Обитель
Часть 7 из 37 Информация о книге
Для доступа к библиотеке пройдите авторизацию
— И длится это, быть может, минуту, но, скорей, меньше — потому что минуту на весу ружьё тяжело держать. И Фет, конечно, не вытерпит и как залает. То ли на меня, то ли на птицу — уж не знаю на кого. Птица опять взлетает… А я смеюсь, и так хорошо на душе. Словно я эту птицу отпустил на волю.
«Пошлятина какая-то…» — подумал Артём без раздражения, время от времени поднимая глаза и с улыбкой кивая Василию Петровичу.
— И вот мы возвращаемся домой, — рассказывал тот, — голодные, по своей тропинке, чтоб деревенские не видели, что я опять без добычи, хотя они и так знали всегда… И Надя нам уже приготовила ужин — мне что-нибудь сочинила, а Фету из вчерашних объедков… — здесь Василий Петрович вдруг поперхнулся и несколько секунд молчал. — А я ему тоже в его плошку отолью вчерашних щец, хлебушка покрошу и даже, к примеру, жареной печёнки не пожалею, а сверху ещё яичко разобью — он, знаете, любил сырые яйца почему-то… И вот вынесу ему эту плошку, он сидит, ждёт… Поставлю перед ним — сидит, смотрит… Он будто бы стеснялся при мне есть. Или какое-то другое чувство, быть может. Я отойду подальше, говорю: «Ешь, милый, ешь!» И он, словно нехотя, словно бы в первый раз, начинает обходить эту плошку с разных сторон и обнюхивать её.

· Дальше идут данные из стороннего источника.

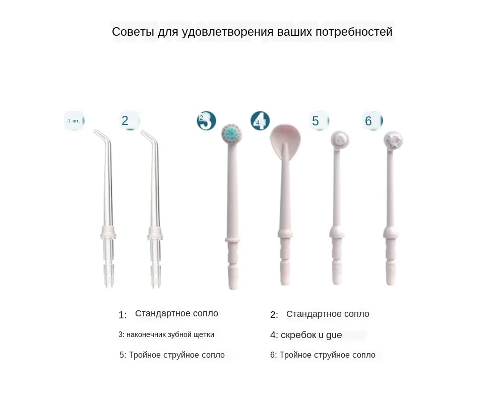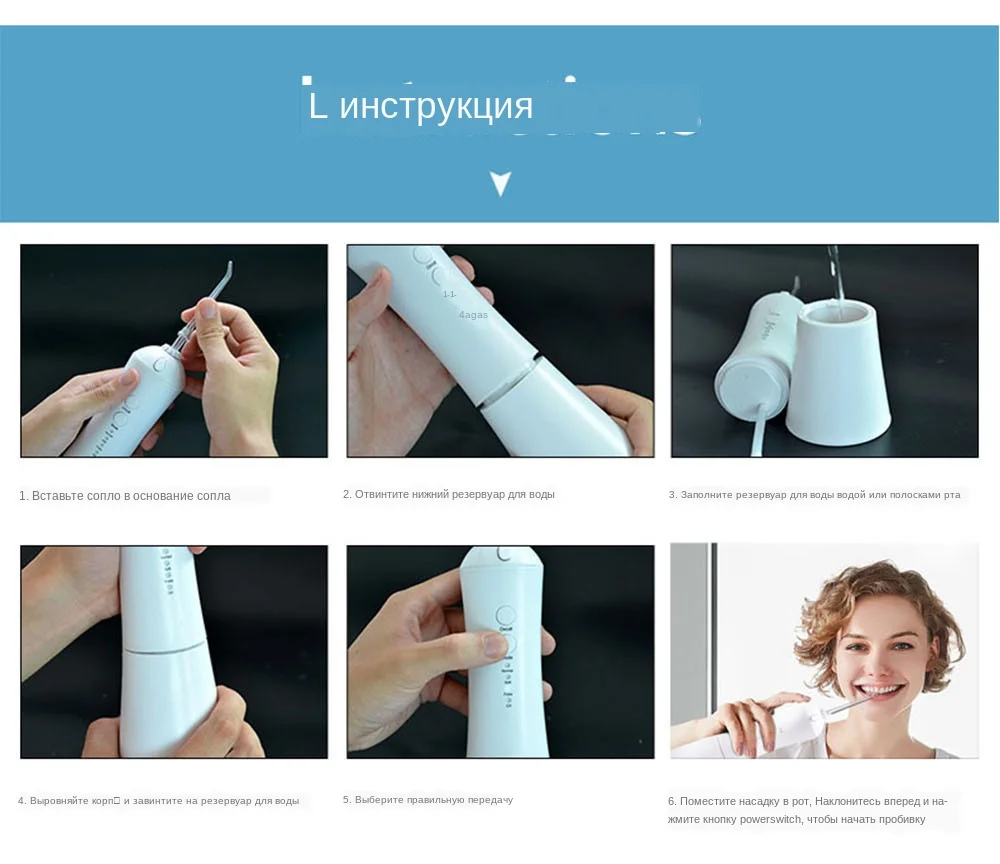 1 x ирригатор для полости рта 1 x USB линии 3 ~ 7 x насадки для воды 1 х руководство на английском языке Теплые советы: 1. Если вы хотите использовать с водой, полосками для полоскания рта или антибактериальными полосками, Следуйте рекомендациям вашего стоматолога или гигиениста. 2. Не используйте другие зарядные устройства для зарядки
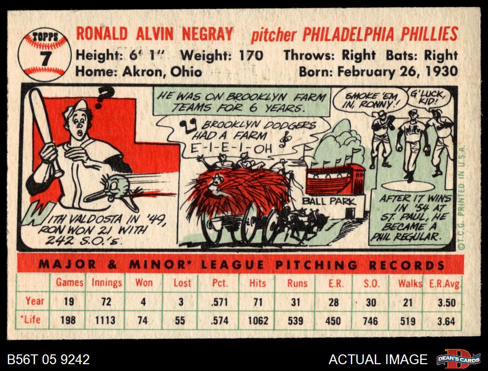 1956 Topps #7 Ron Negray 4 - VG/EX

Артём снова проглотил слюну: если б вздумал открыть рот — так и плеснуло бы на скатерть.
«Странно, что это никогда не приходило мне в голову, — быстро даже не подумал, а скорей представил Артём. — Наверняка это очень вкусно: борщ, сверху насыпать жареной печёнки, наломать хлеба и умять его ложкой, так, чтобы борщ пропитал этот хлеб… И сверху разбить два или лучше три куриных яйца, чтоб они так неловко разлились по хлебу, кое-где смешавшись с борщом, но сам желток всё равно останется на поверхности… И с минуту принюхиваться к этому, а потом вдруг броситься есть, глотать кусками эту печёнку с капустой, хлеб с яйцом…»

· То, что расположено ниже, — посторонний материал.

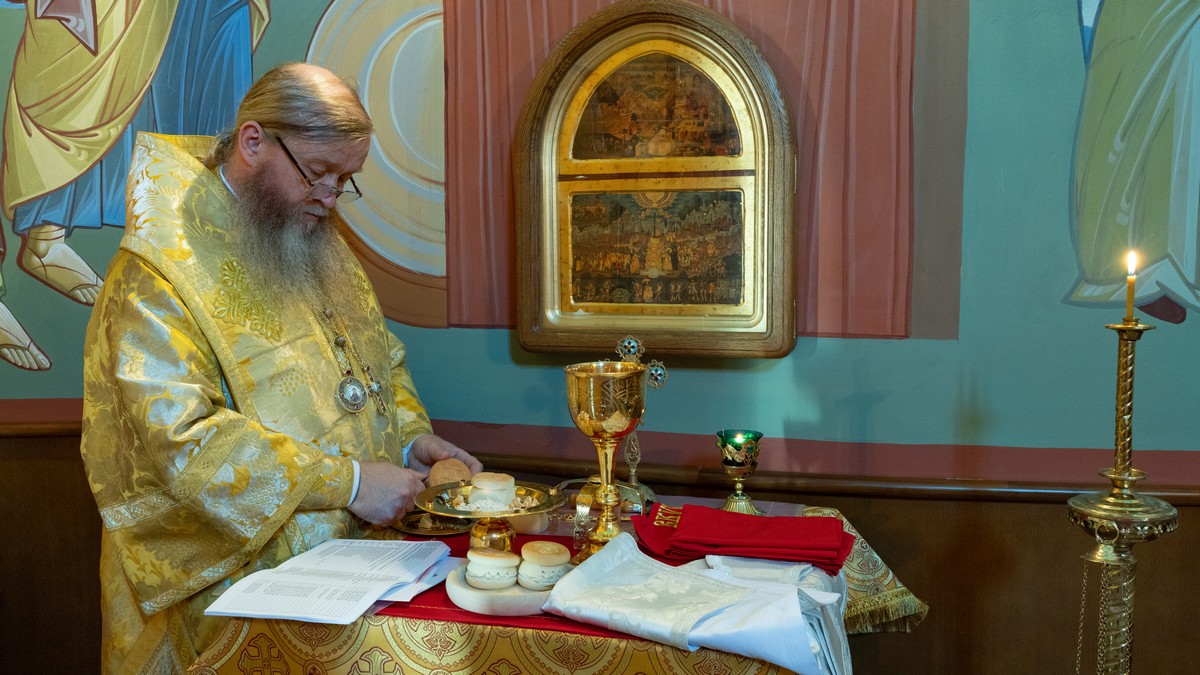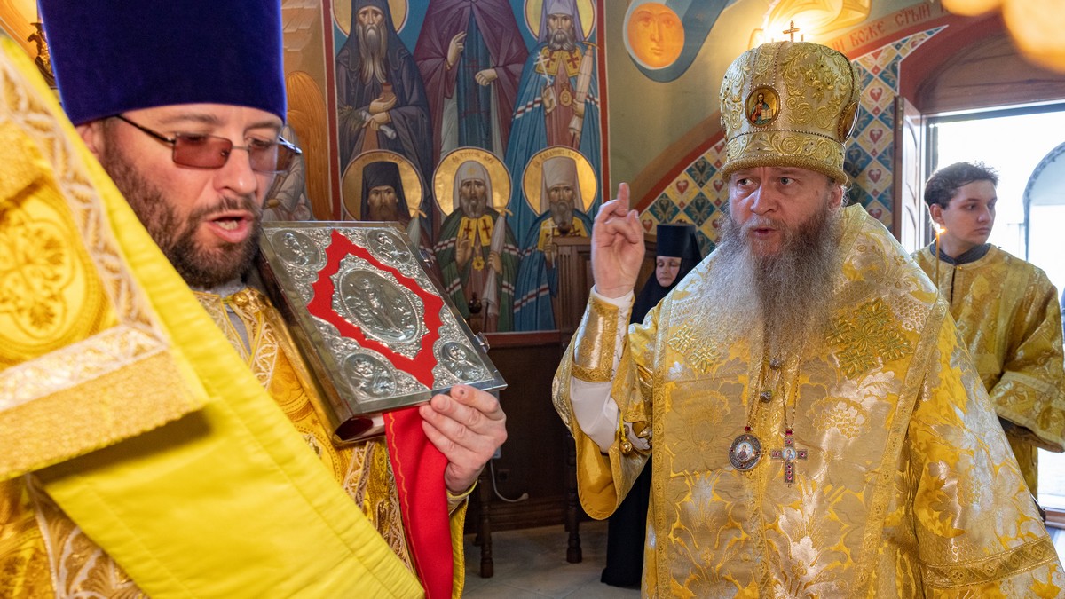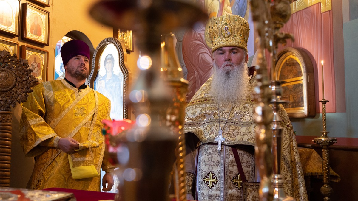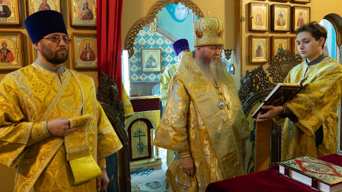 После сугубой ектении владыка вознес молитву о мире на Святой Земле, молитву о Святой Руси, и молитву об исцелении болящих.
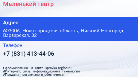 Маленький театр по адресу 603006, Нижегородская область, Нижний Новгород, Варварская, 32 в дальнейшем Организация, размещена в следующих категориях:
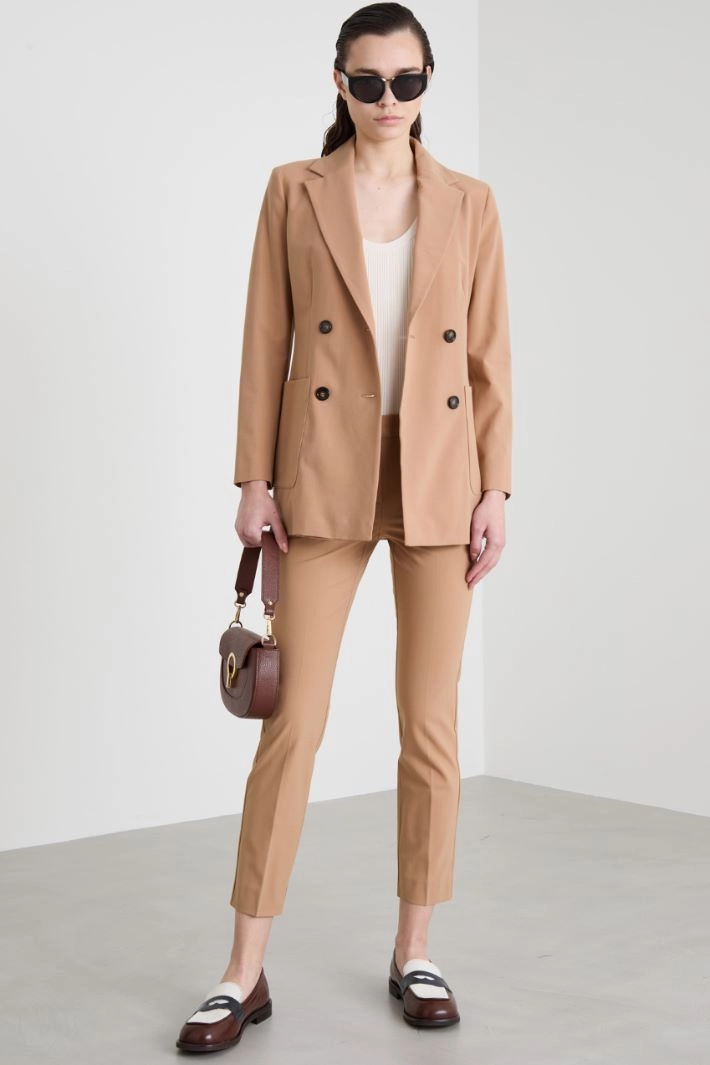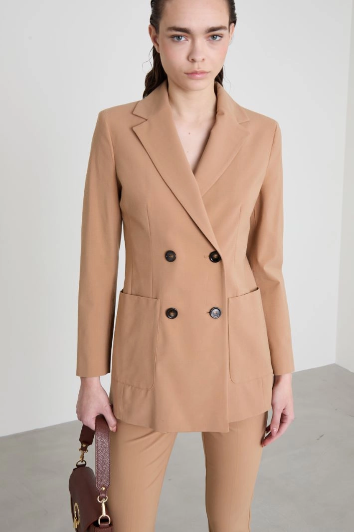 Slightly fitted blazer in stretch wool blend canvas, with lapel collar, long sleeves and side patch pockets. Double-breasted button fastening. Lined.
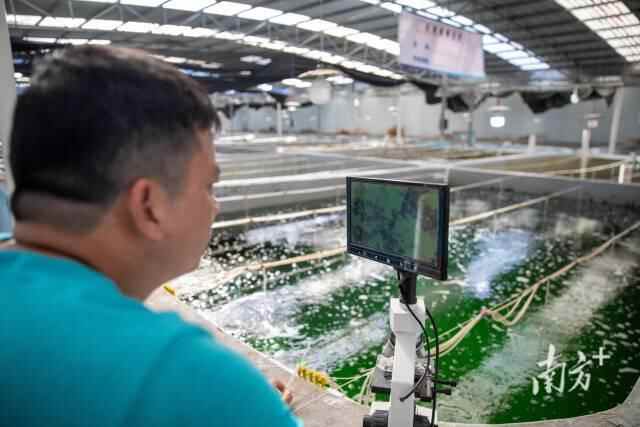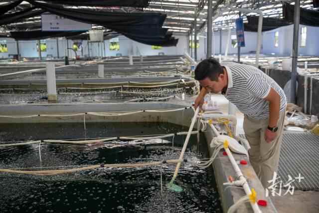 在阳江市阳西县的种苗繁育基地,工作人员观测鱼苗生长情况。南方+记者 张令 摄
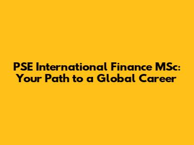PSE International Finance MSc: Your Path To A Global Career
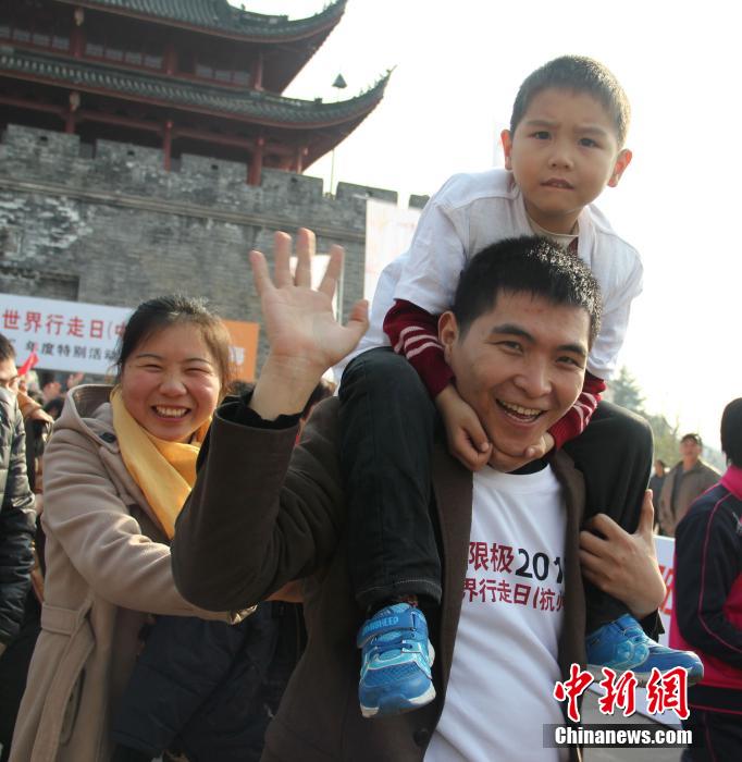 12月1日上午,无限极2013世界行走日(中国)活动在浙江宁海举行。来自上海、杭州、宁波、温州、台州及宁海等长三角地区的千名行走爱好者到场参与。作为面向全国开展的大型全民健身公益活动,世界行走日活动此前已连续举办三年,覆盖全国20多个重要城市,直接参加行走的人群累计超过70万人。而宁海站是2013年活动的最后一站。图为一家三口参与行走日活动。中新社发 林波 摄

— Артём, вы слушаете? — окликнул его Василий Петрович.
— К чёрту бы вас, — с трудом ответил Артём. — Давайте есть скорей. Где наши хозяева? Как вы сказали — Мезерницкий?
* * *
Первым пришёл Бурцев — он кивнул Артёму как доброму знакомому, хотя, странная вещь, за полтора месяца они не перекинулись и несколькими словами — всё как-то не приходилось.
Но эта обустроенная келья разом сближала попавших сюда: они чувствовали себя как бы избранными и приобщёнными — к чистой пище, к выметенному и свежевымытому полу, к сияющей подушке, к чистой скатерти и фарфоровой собачке.
Бурцев, знал Артём по рассказам Василия Петровича, после Гражданской работал в варьете, потом где-то на административной должности. Обстоятельства своего ареста не особенно раскрывал.
По большей части он помалкивал; если выпадало время — почитывал что-то незатейливое из монастырской библиотеки, но Артём успел заметить и удивиться, что, если в присутствии Бурцева заходила речь о чём-то любопытном или кто-то рисковал обратиться непосредственно к нему, он несколько раз поддерживал разговоры на самые разные темы: от хореографического искусства Дункан и отличий Арктики от Антарктики до писем Константина Леонтьева к Соловьёву и очевидных преимуществ Брюсова над Бальмонтом — эту тему, естественно, Афанасьев затеял. В последний раз Бурцев подивил Василия Петровича неожиданными знаниями о ягодах и охоте, сообщив, что там, где растёт морошка, стоит охотиться на белую куропатку, а где брусника — искать глухаря; хотя неподалёку от брусники можно встретить и медведя тоже. Василий Петрович так искренне смеялся вполне серьёзному замечанию про медведя, что Бурцев имел все шансы попасть в ягодную бригаду — но он сам не захотел.
Находившийся рядом Сивцев, заслышав разговор, вдруг вспомнил, как на фронте видал медведя, приученного артиллерийской ротой подавать снаряды, но его по ягоды Василий Петрович не взял; да и Бурцев тему о медведе не продолжил.
Втайне прислушиваясь к неспешной речи Бурцева, Артём уяснил для себя, что морошка созревает наоборот: из красной в янтарно-жёлтую, и мужские цветки у неё дают больше ягод, чем женские, а брусника может пережить иной дуб — оттого, что живёт по триста лет.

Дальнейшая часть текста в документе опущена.